[[ Dataset records open ]]

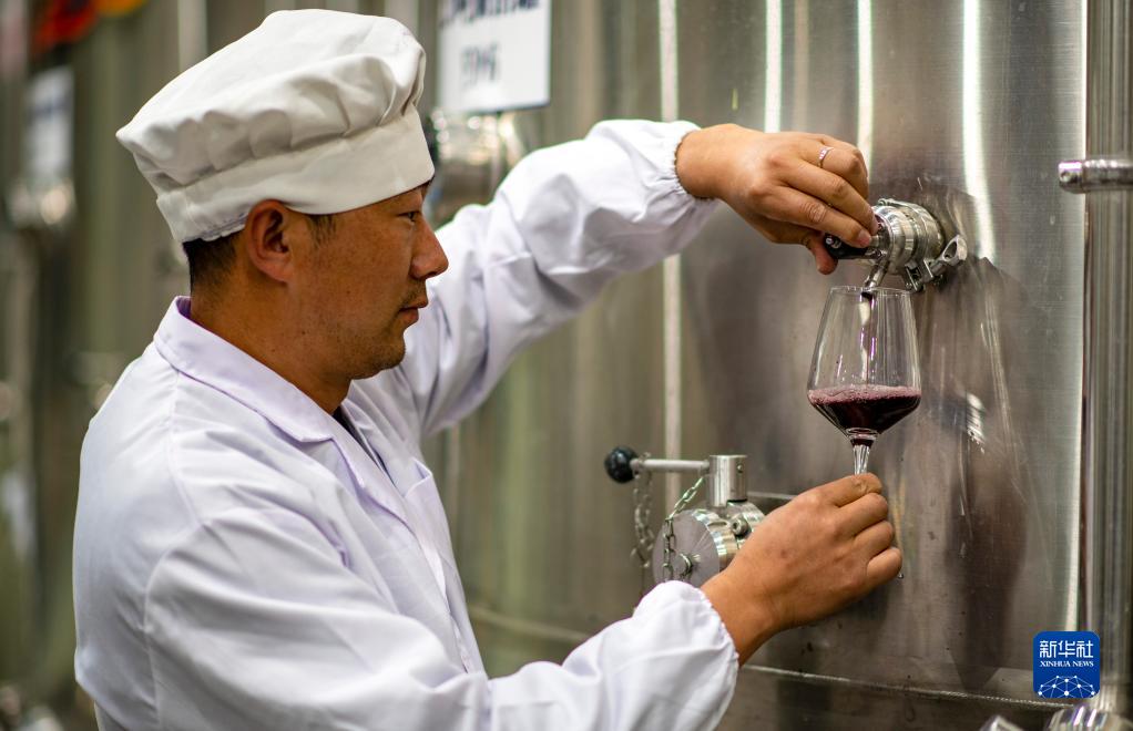 7月26日,桑日县一家葡萄酒企业的酿酒师李晓平在发酵车间检查酒样。
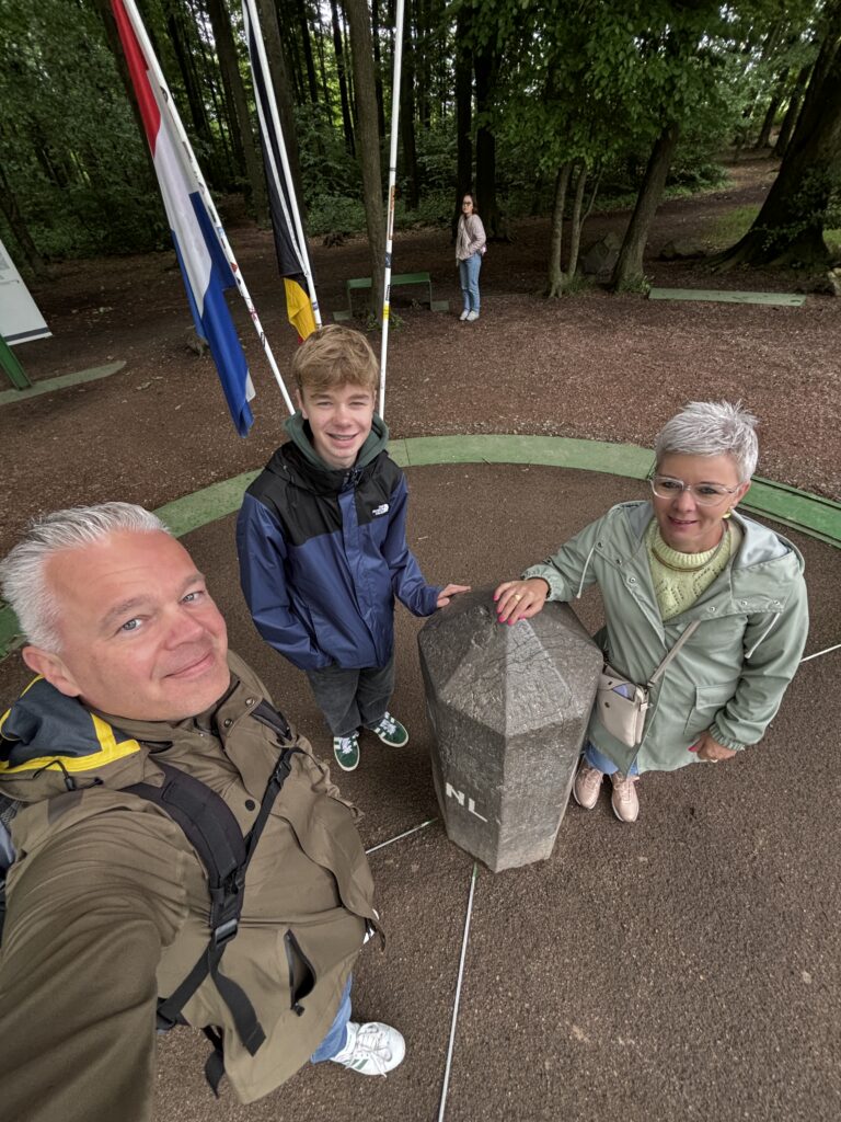 We parkeerden de Jimny op een dichtbijgelegen parking en wandelden over een bospad naar het drielandenpunt. Bij de grenspaal maakten we daar samen een foto die door iedereen gemaakt werk: alledrie in een ander land! Maar eerst even wachten tot de Japanners klaar waren…
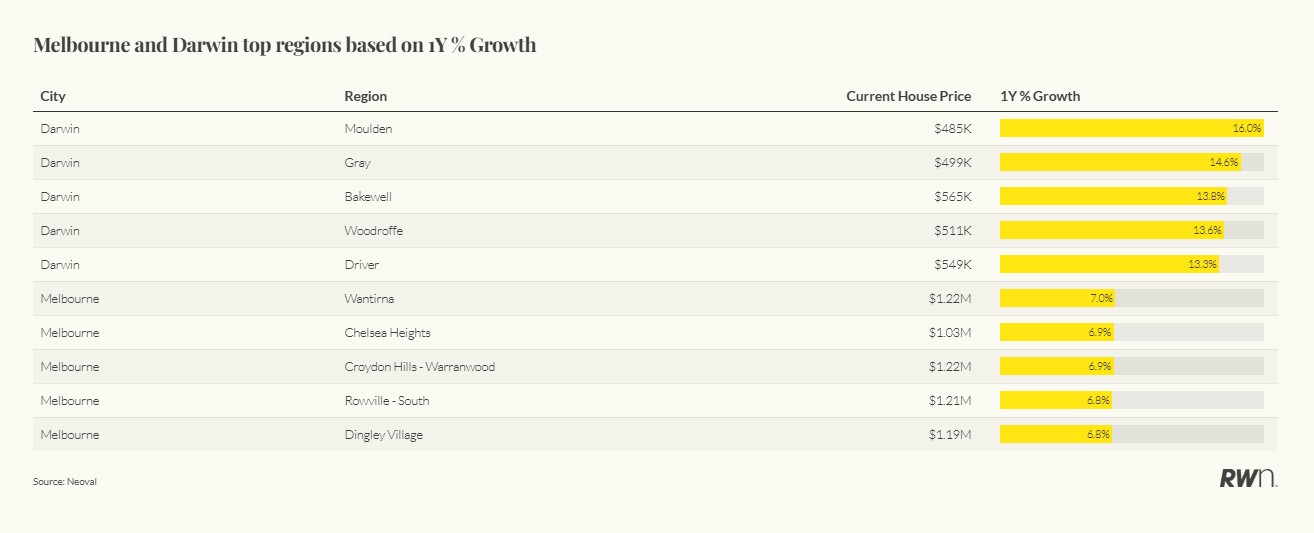 Melbourne and Darwin’s housing markets are finally heating up after sitting out the boom, with Darwin prices jumping 11 per cent and Melbourne hitting a new all-time high.
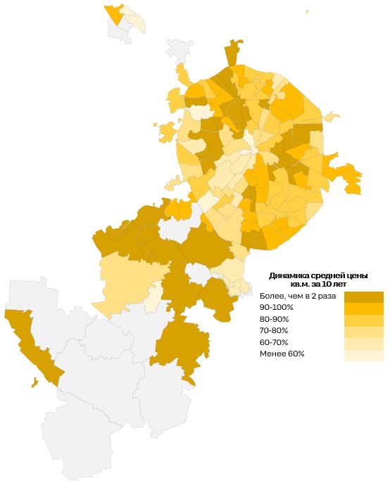 - За 10 лет сильнее подорожали более доступные районы и локации, в которых улучшилась транспортная доступность. Наименьшие темпы роста цен – в престижных локациях центра и юго-запада, которые уже в 2012 г. входили в число самых дорогих.
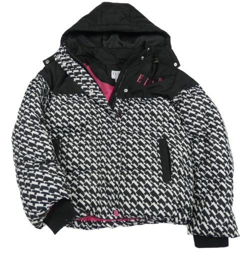 Černo-bílá vzorovaná šusťáková zimní bunda s odepínací kapucí Elle

[[ Dataset records closed ]]

Nothing but the lines from the one with "Melbourne and Darwin’s" through the last line of the records should appear in your answer, each exactly as written and without pictures.

 Melbourne and Darwin’s housing markets are finally heating up after sitting out the boom, with Darwin prices jumping 11 per cent and Melbourne hitting a new all-time high.
 - За 10 лет сильнее подорожали более доступные районы и локации, в которых улучшилась транспортная доступность. Наименьшие темпы роста цен – в престижных локациях центра и юго-запада, которые уже в 2012 г. входили в число самых дорогих.
 Černo-bílá vzorovaná šusťáková zimní bunda s odepínací kapucí Elle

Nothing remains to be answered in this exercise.